Recently I had an email exchange with someone about how trashy my taste in literature is. If I died tomorrow, what people would have to choose from by my bedside would be the Harry Potter series, a couple of JD Robb novels (this is the romance novelist Nora Roberts writing a futuristic mystery series that I am OBSESSED with), and one political science book (Homestyle, a book by Richard Fenno because I want Richard Fenno to be my friend). Good luck gleaning great memorial readings from that!!

I read a lot of heavy stuff for school. When I read, I want light reading. You know, books you can read in the bathtub. I have the same feelings about movies and television. I want my entertainment to be entertaining. I don't want to watch a documentary on the state of the city government in Newark. I don't want to watch Hotel Rwanda and feel sad about the world for the rest of the day. I don't apologize for this. In some ways I am proud that I can still enjoy bad popular media for the sheer entertainment of it, even though I am surrounded my reminders that I should be reading Oprah's book club book instead of an oddly satisfying JD Robb novel.

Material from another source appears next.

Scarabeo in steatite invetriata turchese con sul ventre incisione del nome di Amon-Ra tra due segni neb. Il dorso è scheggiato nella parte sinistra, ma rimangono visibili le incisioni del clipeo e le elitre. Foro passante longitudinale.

Mostly I wonder if other people actually have poetry books by their bedsides. Or do they have Harry Potter there like I do (you know, for quick reference when a question about the Carrow family pops up in your brain in the middle of the night)? Or alternately, do people not read before bed (Biker Boy does not read before bed - he can't read laying down - and I...I don't understand this. It's a genetic flaw I hope he never passes on to any children we may or may not have)? And, if you don't read before bed, what do you do? Do you just lay down and turn off the lights? Because...I just can't fathom this as a nighttime ritual.

How people go to bed is fascinating to me. But that's another story altogether.

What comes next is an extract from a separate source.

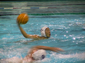 the last two days of polo have been awesome. last night, our coach didnt have the keys to turn on the lights, so it was like hayla dark around 7. so we played sharks and minnows!! the minnows had to swim underwater (9 feet deep) and the sharks had to swim down and yank them up. i was THE shark. muahahaha. that was so fun. it's kinda scary cuz u can't see the people until they are like 6 inches from ur face. and today, we played SILENT polo! not a word was spoken during our scrimmage! that was awesome. the loud ass motherfucking girls finally shut the fuck up lol. but it really helped the dumb ppl get some game sense by actually LOOKING around to see what is going on in the game. our coach is so cool.

I'm going to brush my teeth and go read a couple of chapters from a trashy novel now.

Saturday, March 01, 2008

Repeat

If I had just one job, just one job, things wouldn't be like this.

Monday: One job, five hours.
Tuesday: Two jobs, 9 hours.
Wednesday: Three jobs, 13 hours.
Thursday: Three jobs, 13 hours.
Friday: One job, five hours.
Saturday: One job, four hours (and a frustrating half an hour attempting to get fuel for my truck - this is perhaps another entry, but OMG?! with gas at $3 a gallon, you have a limit of $50 on your credit card purchases? whaaaat...?)

These are just times out of the apartment. It doesn't include the hours spent every evening prepping classes, grading, or figuring out how to handle that student who called me a bitch to my face. Or the hours spent lying awake trying to figure out why students hate me and how to get them to learn even when they hate me. I explained my job(s) to my father who said, "so you have three jobs and still manage to work less than 40 hours a week?" Ha.